I can get whole words in cases like:

findWholeWord('thomas')('this is Thomas again')   # -> <match object>
findWholeWord('thomas')('this is,Thomas again')   # -> <match object>
findWholeWord('thomas')('this is,Thomas, again')  # -> <match object>
findWholeWord('thomas')('this is.Thomas, again')  # -> <match object>
findWholeWord('thomas')('this is ?Thomas again')  # -> <match object>

where symbols next to the word don't bother.

However if there's a number it doesn't find the word.
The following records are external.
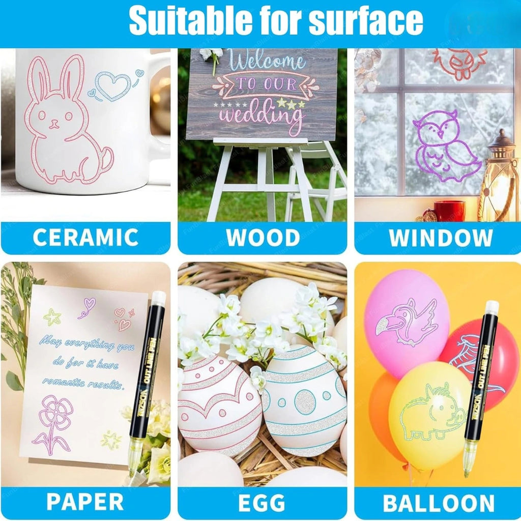 Add shimmer and color to your artwork with vibrant dual-color outline pens. Perfect for journaling, crafts, cards, and creative projects—smooth, bold, and effortlessly fun to use anytime, anywhere.
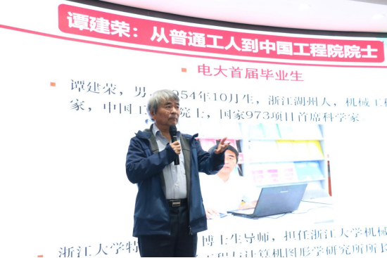 譚建榮分享了自身年輕時期的學習、工作經(jīng)歷,介紹自己出生于動蕩年代,初中畢業(yè)后因為特殊時期“求學無門”,做了15年的技術(shù)工人,在中央廣播電視大學開始招生之時,把握住了這彌足珍貴的機會,成為電大的首屆學生。三年時間里他一口氣修完機械工程和電子工程兩個專業(yè)的課程。“不斷學習和不斷提高是人生永恒的主題”,他說,電大課堂上樹立起來的求實學風對他有著深遠影響。譚建榮以蘇步青、華羅庚等科學家的人生經(jīng)歷詮釋了實事求是的科研態(tài)度;用自己的座右銘、諸葛亮的《誡子書》和王國維《人間詞話》,叮囑在場師生們在生活和學習中要肯努力、肯勤奮、肯吃苦,以創(chuàng)新和拼搏精神贏得出彩人生。譚院士結(jié)合自身經(jīng)歷,旁征博引,從不同的角度與層次闡述了自己對終身學習的理解,引起現(xiàn)場師生的強烈共鳴和深刻思考。
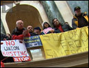 State workers and their supporters have been rallying in unprecedented numbers in Madison over the last few weeks. Tens of thousands of teachers, firemen, police officers, students and families have taken to the streets and to the halls of the State Capitol to demonstrate their opposition to the bill. On Saturday, thousands of people rallied again on the steps of the State Capitol. Among those who took the microphone was Academy Award-winning filmmaker Michael Moore.
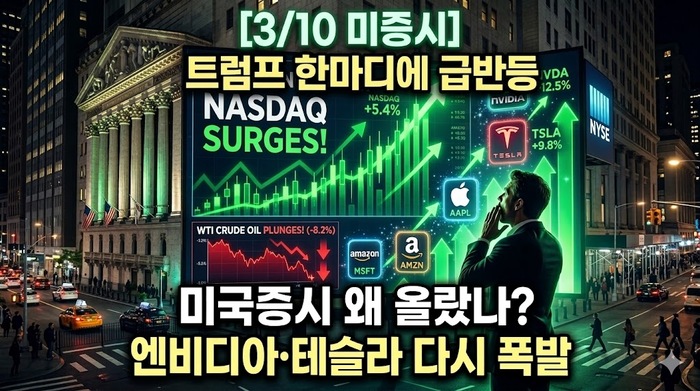 어젯밤 미국증시는 정말 극적인 흐름을 보여줬습니다. 장 초반만 해도 분위기는 무거웠습니다. 중동 리스크가 다시 시장을 흔들었고, 국제유가가 급등하면서 “이대로 가면 물가가 다시 튀는 것 아니냐”는 불안이 커졌기 때문입니다. 그런데 장 막판, 시장은 전혀 다른 표정을 만들었습니다. 오늘 아침 미국시황의 핵심은 단 하나입니다. 전쟁 우려 완화 → 국제유가 급락 → 기술주와 반도체 급반등이라는 흐름이 한 번에 이어졌다는 점입니다.
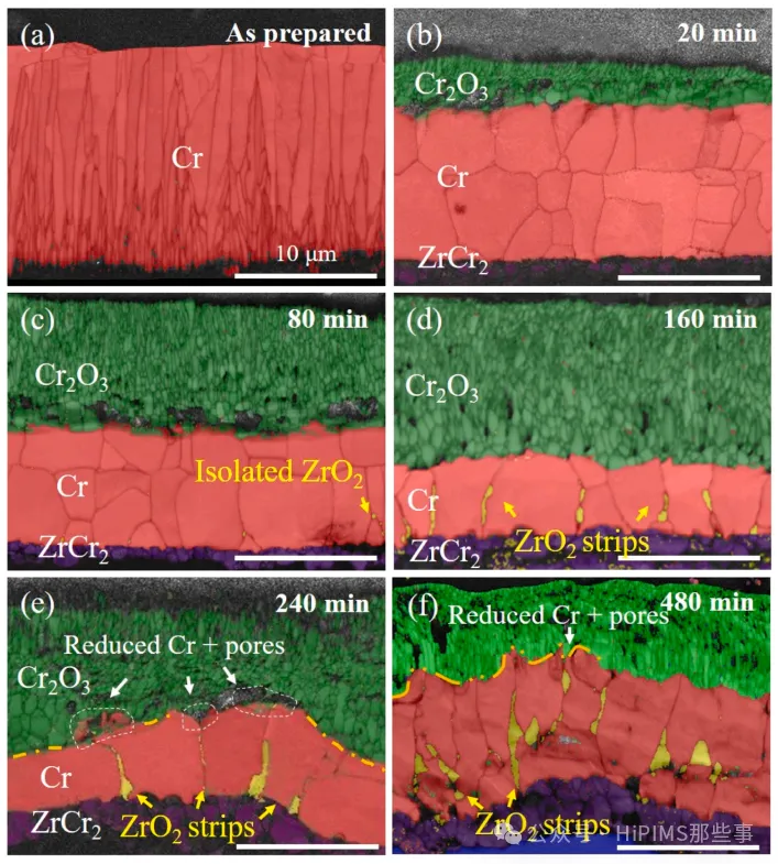 图4. Cr涂层样品在1100°C蒸汽氧化前和氧化后的EBSD相图。(a) 氧化前, (b) 20分钟, (c) 80分钟, (d) 160分钟, (e) 240分钟, (f) 480分钟。所有比例尺为10μm。
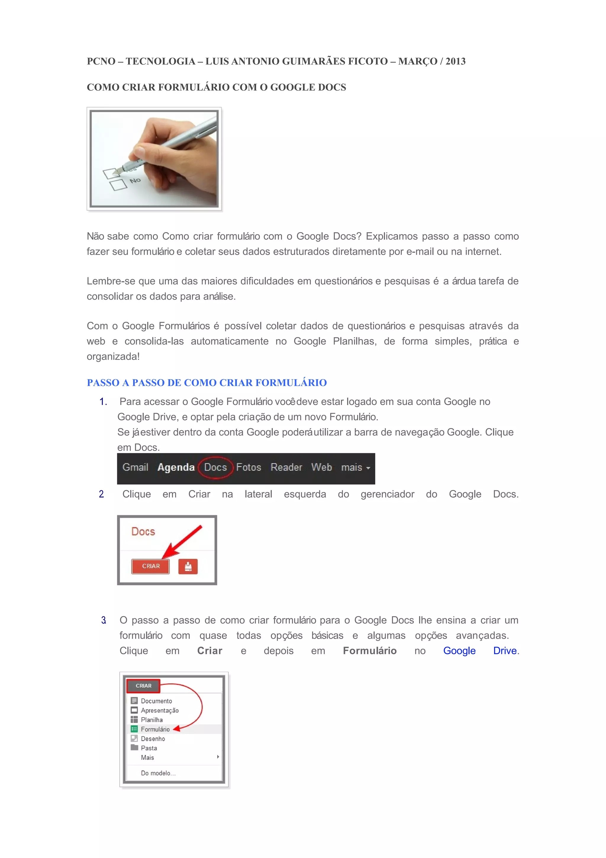 PCNO – TECNOLOGIA– LUIS ANTONIO GUIMARÃES FICOTO – MARÇO / 2013
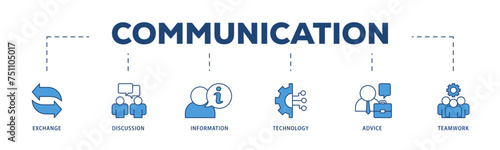 Communication icons process structure web banner illustration of exchange, discussion, information, technology, advice, and teamwork icon live stroke and easy to edit
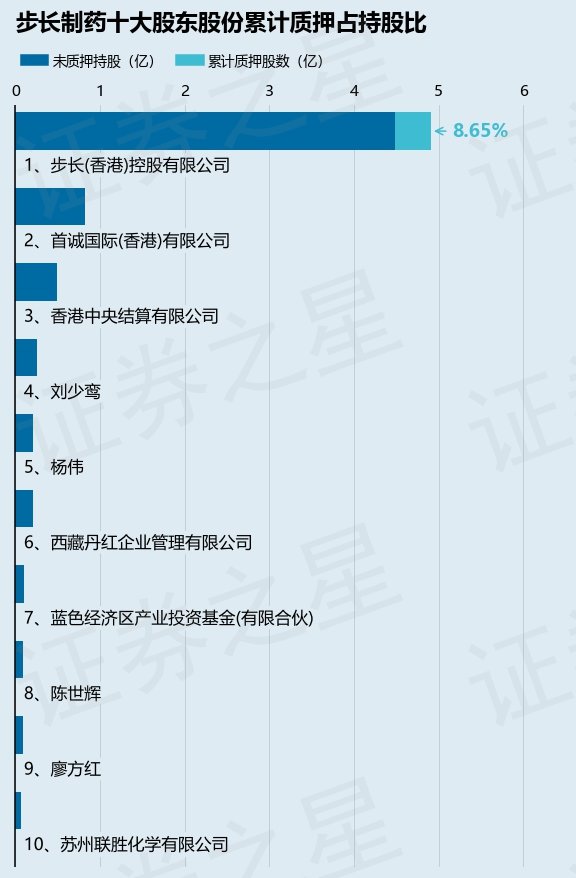 截止本公告日,股东步长(香港)控股有限公司已累计质押股份4248.0万股,占其持股总数的8.65%。本次质押后步长制药(603858)十大股东的累计质押股份占持股比例见下图:
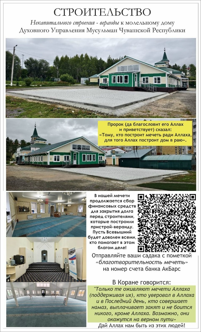 Дорогие единоверцы! В мечети «Булгар» города Чебоксары продолжаются активные работы по возведению пристроя, чтобы люди смогли молится в комфортных условиях!
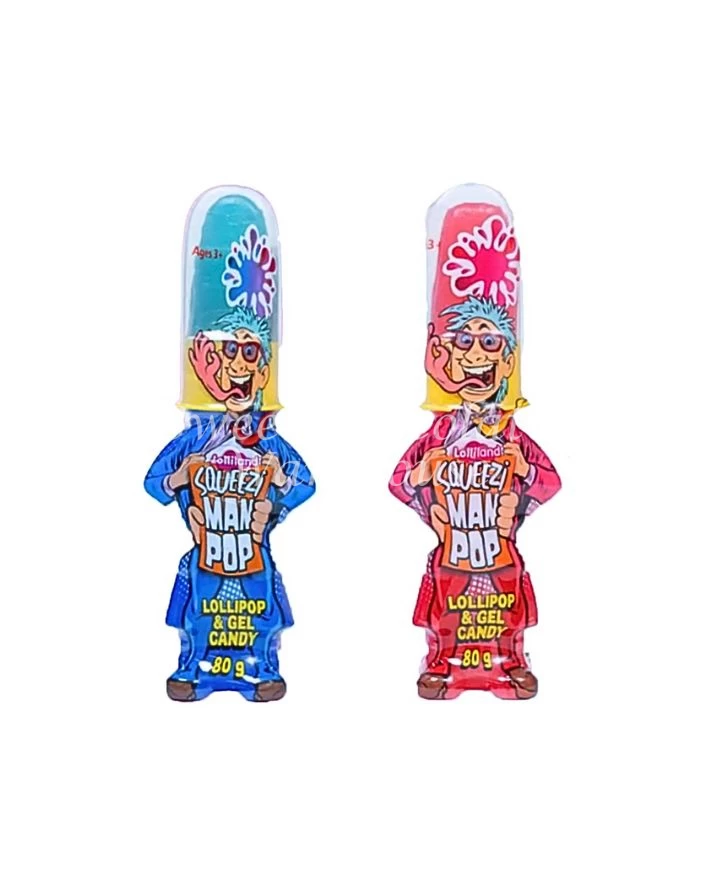 - Squeezi Man Pop Lollipop and Gel Candy 80g
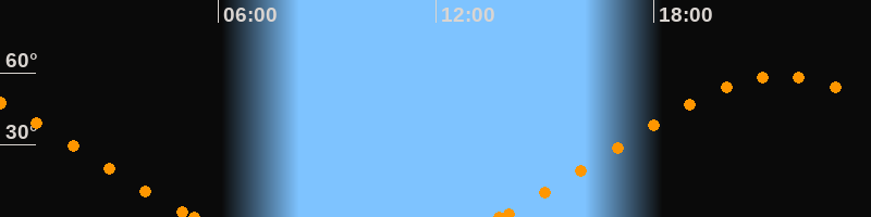 Höchster Stand (Kulmination)21:30 Uhr (h = 58.8°)
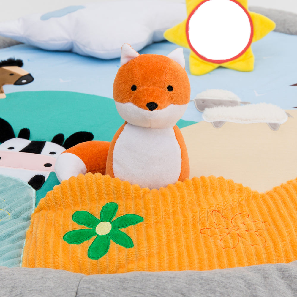 Découvrez notre tapis d’éveil Ferme pour bébé. Ce grand tapis d’activités contient plein de surprises à découvrir. Plongez dans l’univers de la ferme avec des motifs colorés et stimulants. Offrez à votre bébé un espace de jeu confortable pour développer ses sens.
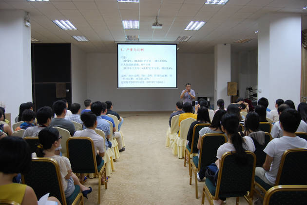 8月23日下午,华南理工大学教授、中国建筑卫生陶瓷协会副秘书长尹虹应《陶城报》邀请莅临佛山新媒体产业园,进行题为《我国建陶产业形势发展分析》专场讲座。尹博士详细介绍2012年以及2013年上半年中国建筑陶瓷产量、质量、销量数据,宏观分析中国陶瓷行业的发展形势,并大胆预测未来陶瓷行业发展方向,睿智风趣,发人深省。
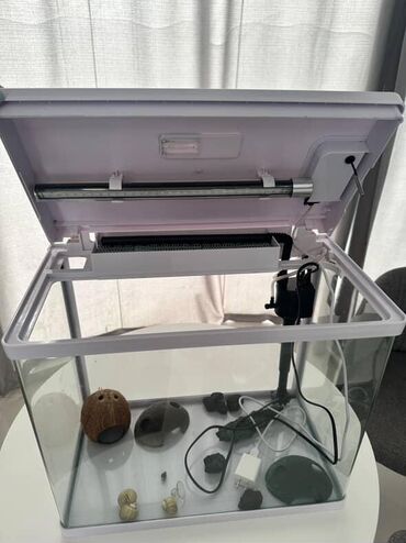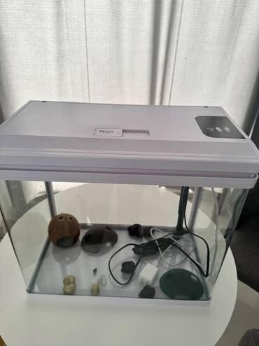 - Şüşə akvaryum, ağ qapaqlı korpus
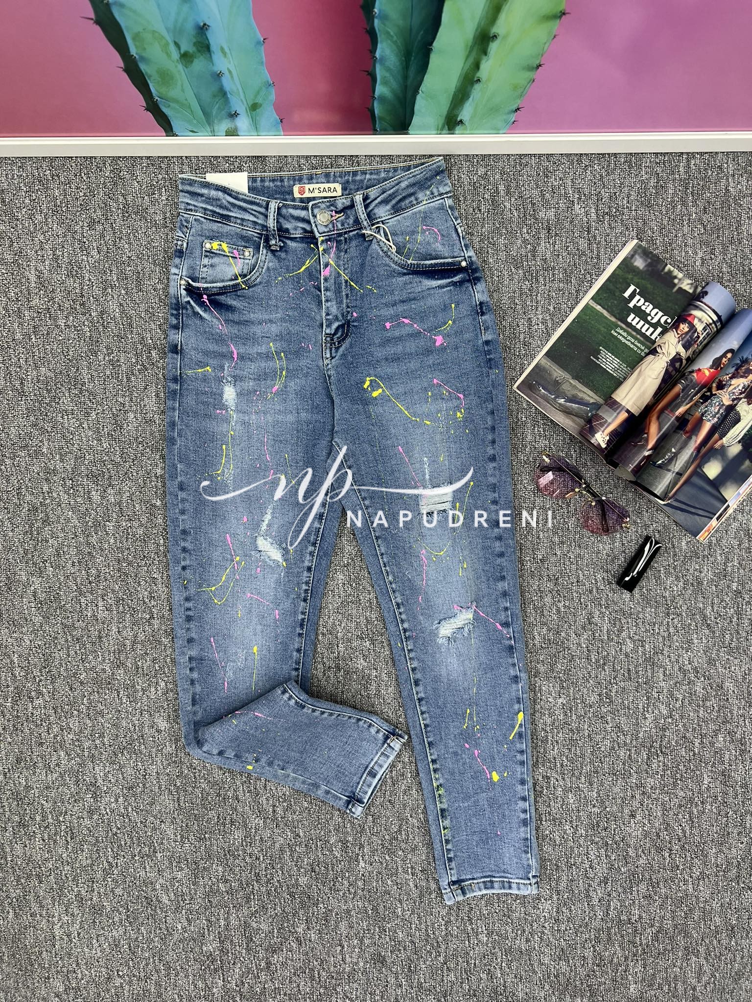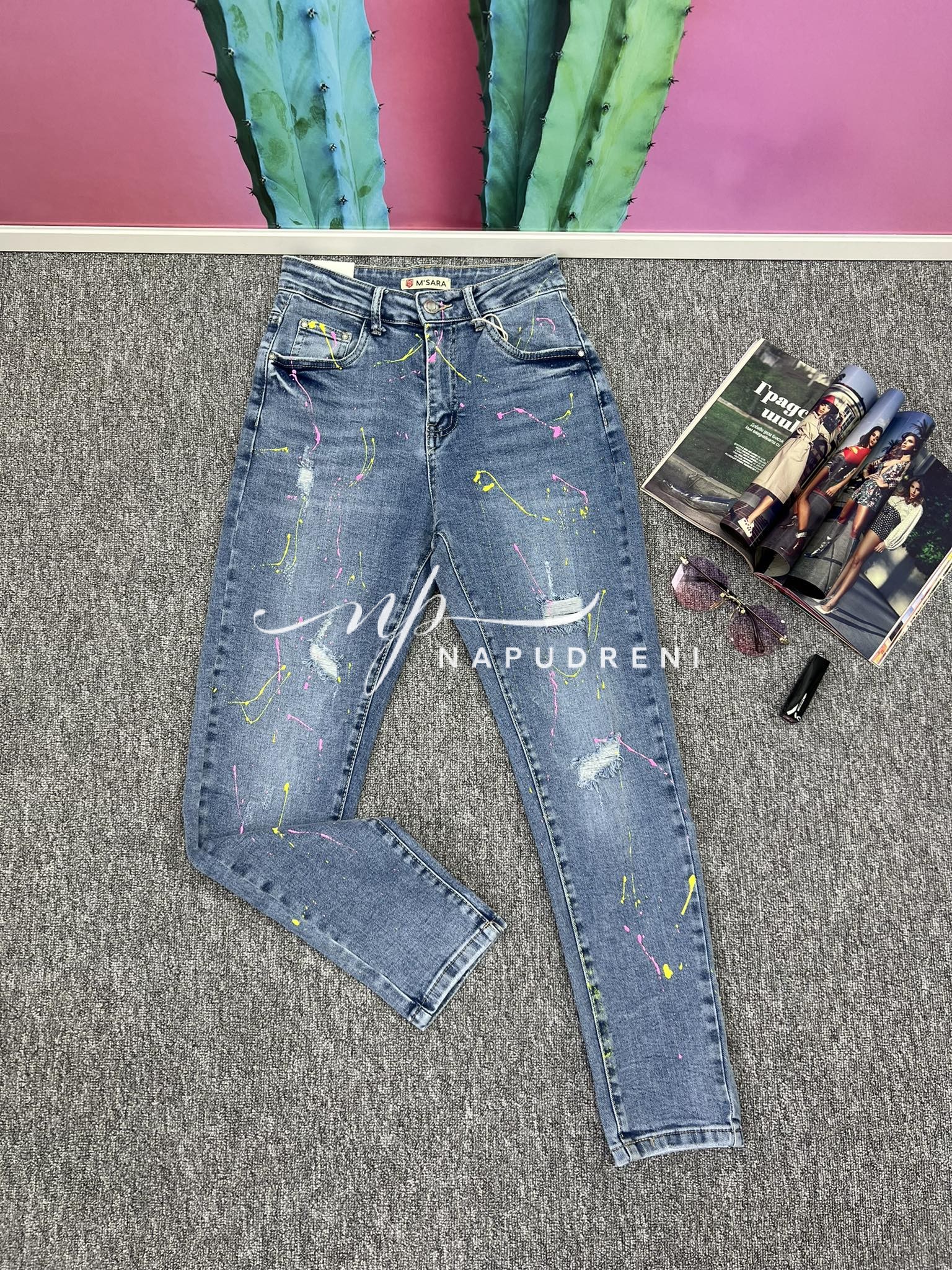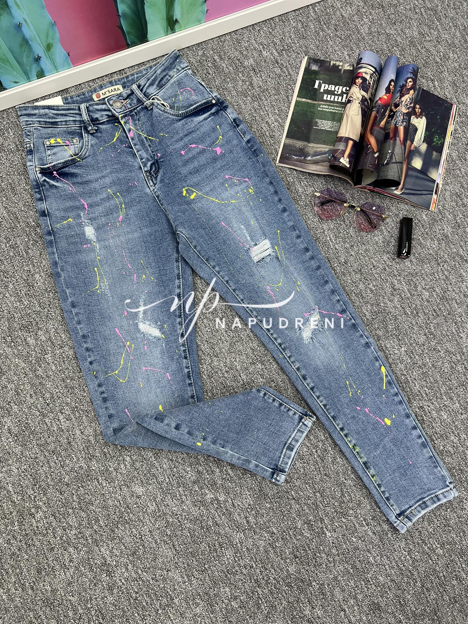 Be the first to review “Дамски дънки с жълти пръски – код 6781”

How should I modify the expression to match cases where there's a number next to the word? Like:

findWholeWord('thomas')('this is 9Thomas, again')
findWholeWord('thomas')('this is9Thomas again')
findWholeWord('thomas')('this is Thomas36 again')
LRD
  • 351
  • 3
  • 13

2 Answers2

2

Can use the regexp (?:\d|\b){0}(?:\d|\b) to match the target word with either a word-boundary or a digit on either side of it.

import re

def findWholeWord(w):
    return re.compile(r'(?:\d|\b){0}(?:\d|\b)'.format(w), flags=re.IGNORECASE).search

for s in [
    'this is thomas',
    'this is Thomas again',
    'this is,Thomas again',
    'this is,Thomas, again',
    'this is.Thomas, again',
    'this is ?Thomas again',
    'this is 9Thomas, again',
    'this is9Thomas again',
    'this is Thomas36 again',
    'this is 1Thomas2 again',
    'this is -Thomas- again',
    'athomas is no match',
    'thomason no match']:
    print("match >" if findWholeWord('thomas')(s) else "*no match* >", s)

Output:

match > this is thomas
match > this is Thomas again
match > this is,Thomas again
match > this is,Thomas, again
match > this is.Thomas, again
match > this is ?Thomas again
match > this is 9Thomas, again
match > this is9Thomas again
match > this is Thomas36 again
match > this is 1Thomas2 again
match > this is -Thomas- again
*no match* > athomas is no match
*no match* > thomason no match

If you want to reuse the same target word against multiple inputs or in a loop then you can assign findWholeWord() call to a variable then call it.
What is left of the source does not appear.